I think we would say "to hit the roof" or "to flip out", but our English equivalents don't seem have the same force as in French.
 We'd have to add an expletive I guess, as in: "I hit the *#@&%$!! roof." Is that fair to say? ((ie.frigging or something stronger?!)


----------



## french4beth

colloquial - have kittens, have a cow, flip your lid
extremely vulgar - shit a brick


----------



## zinc

"Il (le metteur en scène) pète les plombes avec son dernier film."

I think that's how the expression goes anyway. 

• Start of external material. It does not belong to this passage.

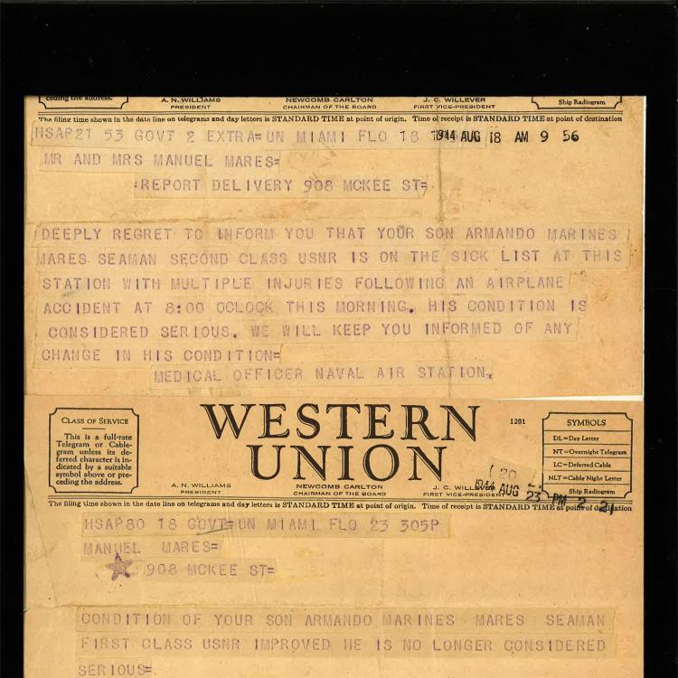 Armando Mares served as a divebomber tailgunner during WWII and almost died when he plane crashed during a training mission.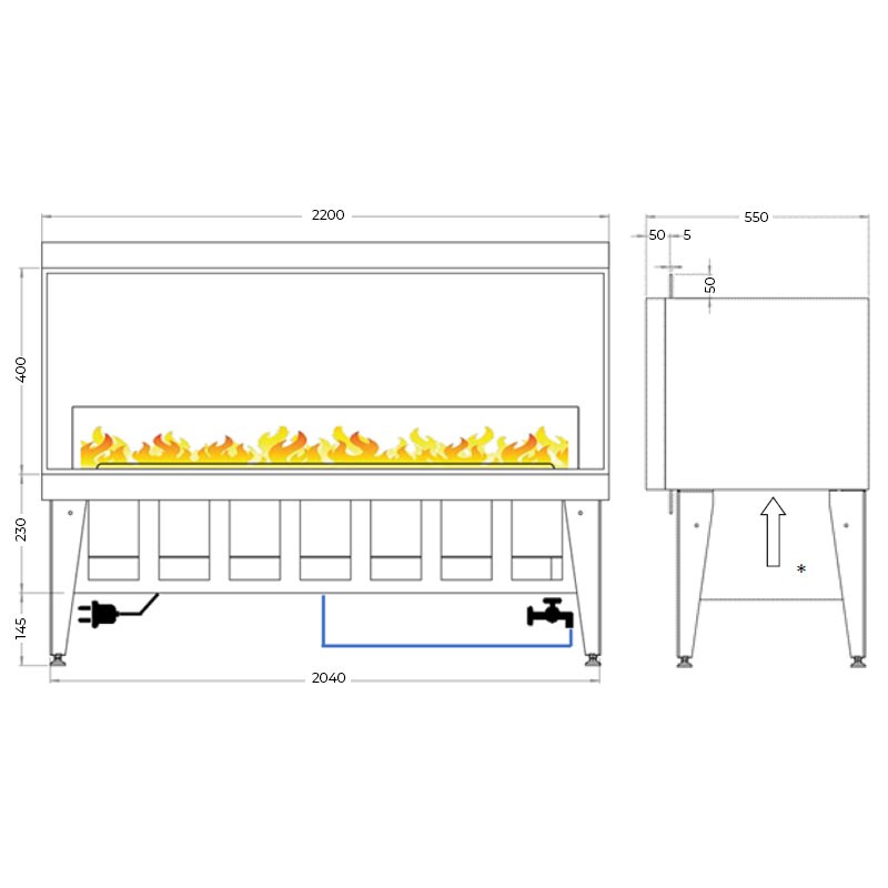 Incanto ST 2000 is een waterdamp tunnelhaard. De realistische vlammen worden gecreëerd door waterdamp en LED-verlichting en kunnen worden bewonderd vanuit 2 kamers.

Does this mean something like 'scrape the bottom of the barrel' or 'hit rock bottom'?

Thanks


----------



## carolineR

péter les plombs = blow a fuse


----------



## pyrolee

haha, I don't understand this french expression. When I read this literally it sounds so funny. Can someone please explain this to me?? 


Thanks.


----------



## edwingill

It means to flip one's lid


----------



## pyrolee

and what would that mean?


----------



## VIZZ

You can say "Je pète les plombs" either when you've had enough of something (when your work makes you really stressed out for example, when you feel OVERworked and you can't take it anymore), or when someone talks nonsense, when the things he says sound really crazy, you can say "Il pète les plombs" ou "Il a pété les plombs"!! Hope this will help!


----------



## pyrolee

so does this mean if I say "tu me fait peter des plombs" (I'm not sure if I can even say that) 
"You're pissing me off"??

Thank you so much Vizz!


----------



## VIZZ

Tu me fais péter les plombs = "You're driving me crazy" (pejorative meaning) I guess


----------



## edwingill

pyrolee said:


> and what would that mean?


I means one suddenly becomes deranged or lose one's self-control


----------



## JeanDeSponde

You will also fine_ Péter *un* plomb._
Originally, _un plomb_ is a fuse (when fuses were made of thin lead wires).
So _il pète un plomb_ means something like _he's blowing a wire._


----------



## VIZZ

D'ailleurs on dit aussi (de façon familière) "péter un câble"...


----------



## Cellardoor007

i think pete un plomb is alittle more forceful than phrases like j'en ai marre ou ras le bol!


----------



## JeanDeSponde

Cellardoor007 said:


> i think pete un plomb is alittle more forceful than phrases like j'en ai marre ou ras le bol!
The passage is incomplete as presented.